Quesito

Caro Padre Angelo,
sarebbe interessante sapere cosa intende dire e nella realtà dove e come si vede quel fare giustizia prontamente, come nel passo che le presento: “Diceva loro una parabola sulla necessità di pregare sempre, senza stancarsi mai: «In una città viveva un giudice, che non temeva Dio né aveva riguardo per alcuno.  In quella città c’era anche una vedova, che andava da lui e gli diceva: “Fammi giustizia contro il mio avversario”. Per un po’ di tempo egli non volle; ma poi disse tra sé: “Anche se non temo Dio e non ho riguardo per alcuno, dato che questa vedova mi dà tanto fastidio, le farò giustizia perché non venga continuamente a importunarmi”». E il Signore soggiunse: «Ascoltate ciò che dice il giudice disonesto. E Dio non farà forse giustizia ai suoi eletti, che gridano giorno e notte verso di lui? Li farà forse aspettare a lungo? Io vi dico che farà loro giustizia prontamente. Ma il Figlio dell’uomo, quando verrà, troverà la fede sulla terra?” (Lc 18,1-8)
Vuol dire che quel che accade è già la giustizia di Dio che si manifesta, e che mentre fa giustizia a me la fa anche su di me come sconto, penitenza dei miei peccati?


Risposta del sacerdote

Caro Federico,
1. la tua interpretazione è del tutto fuori strada.
Il Signore sta parlando della necessità della preghiera continua. E porta il caso di una donna, una povera vedova, che non ha nessuno che la possa proteggere o aiutare. E insiste fino a stancare il giudice.

2. La parabola evangelica fa riferimento alla preghiera di coloro che sono poveri in spirito.
A proposito di questa prima beatitudine, scrive F. Prat: “Il povero di cui qui si parla non è l’indigente, il miserabile: la Bibbia, per indicare la miseria, come la conosciamo noi, usa altri vocaboli.
Il povero della Bibbia – specie nei salmi e nei profeti – è l’uomo senza difesa, vittima e ludibrio della tirannide dei potenti,
l’uomo inerme che accetta, in silenzio, la sua lagrimevole sorte,
e che volge solo a Dio il proprio sguardo e ripone soltanto in Lui la propria speranza.
E Dio protegge il povero: Egli è il suo unico rifugio, il suo unico sostegno… Le parole in spirito sono aggiunte dall’evangelista o dal suo traduttore greco, per indicare codeste disposizioni morali” (f. prat, Gesù Cristo, vol.

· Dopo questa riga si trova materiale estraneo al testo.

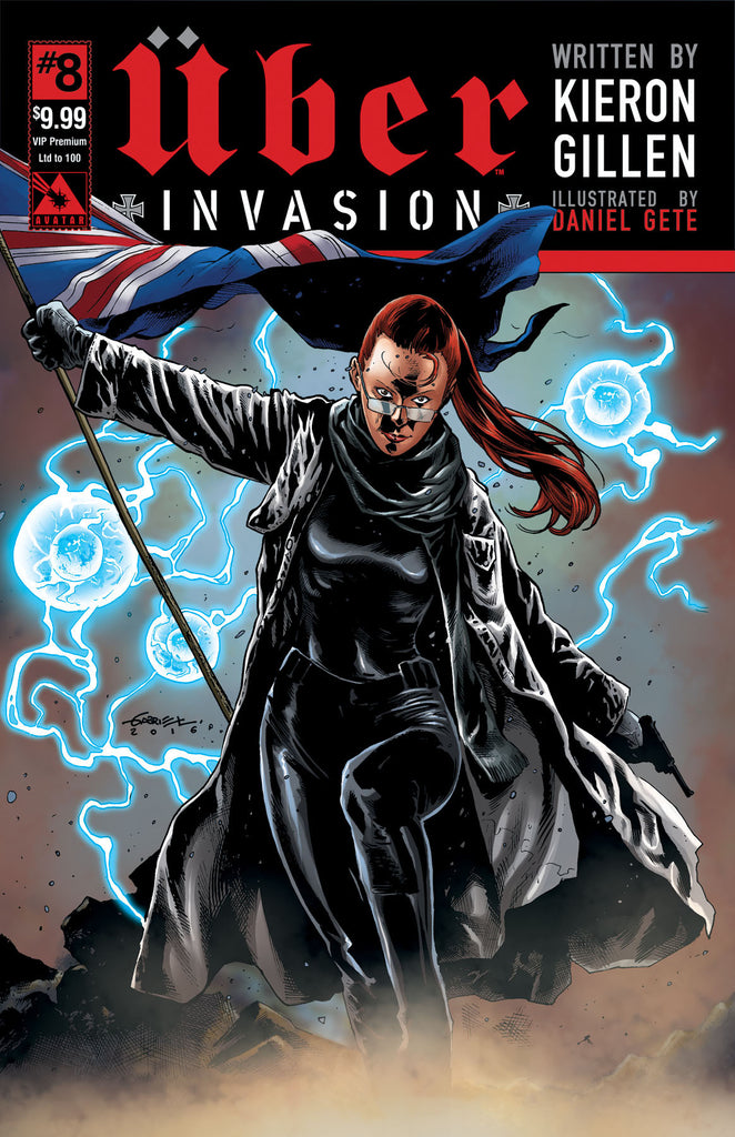 PRODUCT DESCRIPTION: Patton is on the offensive! Uber-powered and ready to stick it to the Hun, the general is tired of sitting on the sidelines and launches a crafty attack from Italy. Meanwhile, the Americans have two fronts now, with San Diego in ruins as well as the East Coast burning. Available with Regular, Wraparound, War Crimes, Propaganda and Blitzkrieg covers by series artist Daniel Gete and a limited VIP Premium cover by Gabriel Andrade that is limited to 500 copies!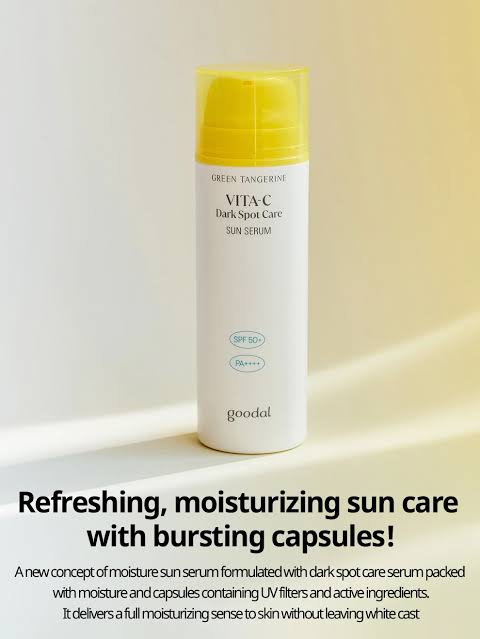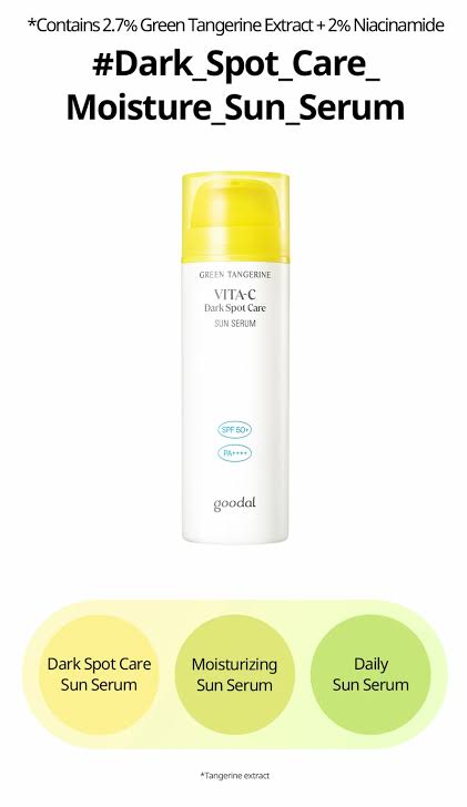 The Goodal Green Tangerine Vita C Dark Spot Sun Care Serum is a lightweight sun serum infused with Niacinamide, Green Tangerine Extract and Vitamin C. It provides SPF 50+ and PA++++ UV protection while actively brightening and moisturizing the skin.

I, p. 280).

3. La buona novella annunciata ai poveri (Mt 11,5) consiste in questo: che Dio non li farà a lungo attendere, ma verrà subito in loro soccorso: “Li farà forse aspettare a lungo? Io vi dico che farà loro giustizia prontamente” (Lc 18,7).
Si realizzano così gli oracoli di Isaia: “Gli umili si rallegreranno di nuovo nel Signore, i più poveri gioiranno nel Santo di Israele” (Is 29,19).

4. Se teniamo presente che le beatitudini sono l’autoritratto di Cristo, come dice il Catechismo della Chiesa Cattolica, allora povero in spirito per eccellenza è Nostro Signore.
Egli “è l’uomo senza difesa, vittima e ludibrio della tirannide dei potenti,  l’uomo inerme che accetta, in silenzio, la sua lagrimevole sorte, e che volge solo a Dio il proprio sguardo e ripone soltanto in Lui la propria speranza”.
Sulla croce si affida totalmente al Padre dicendo: “Padre, nelle tue mani affido il mio spirito” (Lc 23,46).
Non dovrà a lungo attendere, perché di lì a poco il Padre lo farà risorgere dai morti, capovolgendo la situazione creatasi sul calvario.

5. Esempio di povero in spirito è anche la Madonna, che vede e soffre per il turbamento di Giuseppe. Non corre a dare e spiegazioni di quanto è accaduto.
Prega e si affida a Dio.
E non  passerà molto che Dio stesso provvederà illuminando direttamente san Giuseppe.

8. Gesù conclude: “Ma il Figlio dell’uomo, quando verrà, troverà la fede sulla terra?” (Lc 18,8).
Qui per fede non s’intende la virtù teologale, ma la confidenza in Dio, la fiducia che se ci comportiamo da poveri in spirito abbiamo il diritto di essere prontamente da Lui soccorsi.

Che il Signore trovi sempre in te questa disposizione d’animo e ti salvi prontamente in ogni circostanza.
Anche per questo ti assicuro la mia preghiera e ti benedico.